The committee each year issues an explanatory note and in 2021 noted the influences on their decision.  The COVID-19 pandemic was a factor, not because it threatened to obliterate civilization but because it “…revealed just how unprepared and unwilling countries and the international system are to handle global emergencies properly. In this time of genuine crisis, governments too often abdicated responsibility, ignored scientific advice, did not cooperate or communicate effectively, and consequently failed to protect the health and welfare of their citizens.  As a result, many hundreds of thousands of human beings died needlessly.  COVID-19 they noted, will eventually recede but the pandemic, as it unfolded, was a vivid illustration that national governments and international organizations are unprepared to manage nuclear weapons and climate change, which currently pose existential threats to humanity, or the other dangers—including more virulent pandemics and next-generation warfare—that could threaten civilization in the near future.  In 2023, the adjustment was attributed mostly to (1) the increased risk of the use of nuclear weapons after the Russian invasion of Ukraine, (2) climate change, (3) biological threats such as COVID-19 and (4) the spread of disinformation through disruptive technology such as generative AI (artificial intelligence).
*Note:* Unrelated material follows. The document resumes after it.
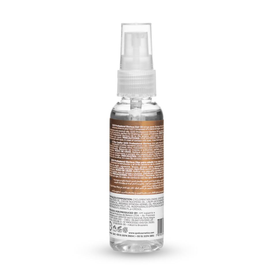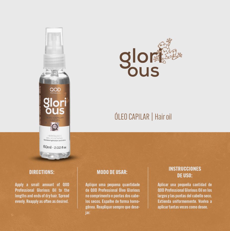 QOD PRO  Glorious Oil is the hair oil that brings the seven forces of nature to promote hydration and extreme shine for your hair! Composed of a Blend of argan, avocado, linseed, sunflower, olive, macadamia and coconut oils, QOD Professional Oil Glorious nourishes damaged strands, leaving them soft and shiny, perfect for finishing all types of hairstyles.

The acceleration of nuclear weapons programs by many countries was thought to have increased instability, especially in conjunction with the simultaneous development of delivery systems increasingly adaptable to the use of conventional or nuclear warheads.  The concern was expressed this may raise the probability of miscalculation in times of tension.  Governments were considered to have “…failed sufficiently to address climate change” and that while fossil fuel use needs to decline precipitously if the worst effects of climate change are to be avoided, instead “…fossil fuel development and production are projected to increase.  Political factors were also mentioned including the corrosive effects of “false and misleading information disseminated over the internet…, a wanton disregard for science and the large-scale embrace” of conspiracy theories often “driven by political figures”.  They did offer a glimmer of hope, notably the change of administration in the US to one with a more aggressive approach to climate change policy and a renewed commitment to nuclear arms control agreements but it wasn’t enough to convince them to move the hands of the clock.  It remains a hundred seconds to midnight.

The clock is not without critics, even the Wall Street Journal (WSJ) expressing disapproval since falling under the control of Rupert Murdoch (b 1931).  There is the argument that after seventy years, its usefulness has diminished because over those decades it has become "the boy who cried wolf": a depiction of humanity on the precipice of the abyss yet life went on.  Questions have also been raised about the narrowness of the committee and whether a body which historically has had a narrow focus on atomic weapons and security is adequately qualified to assess the range of issues which should be considered.  Mission creep too is seen as a problem.  The clock began as a means of expressing the imminence of nuclear war.  Is it appropriate to use the same mechanism to warn of impending climate change which has anyway already begun and is likely accelerating?  Global thermo-nuclear war can cause a catastrophic loss of life and societal disruption within hours, whereas the climate catastrophe is projected to unfolds over decades and centuries.  Would a companion calendar be a more helpful metaphor?  The criticism may miss the point, the clock not being a track of climate change but of political will to do something to limit and ameliorate the effects (everyone having realised it can’t be stopped).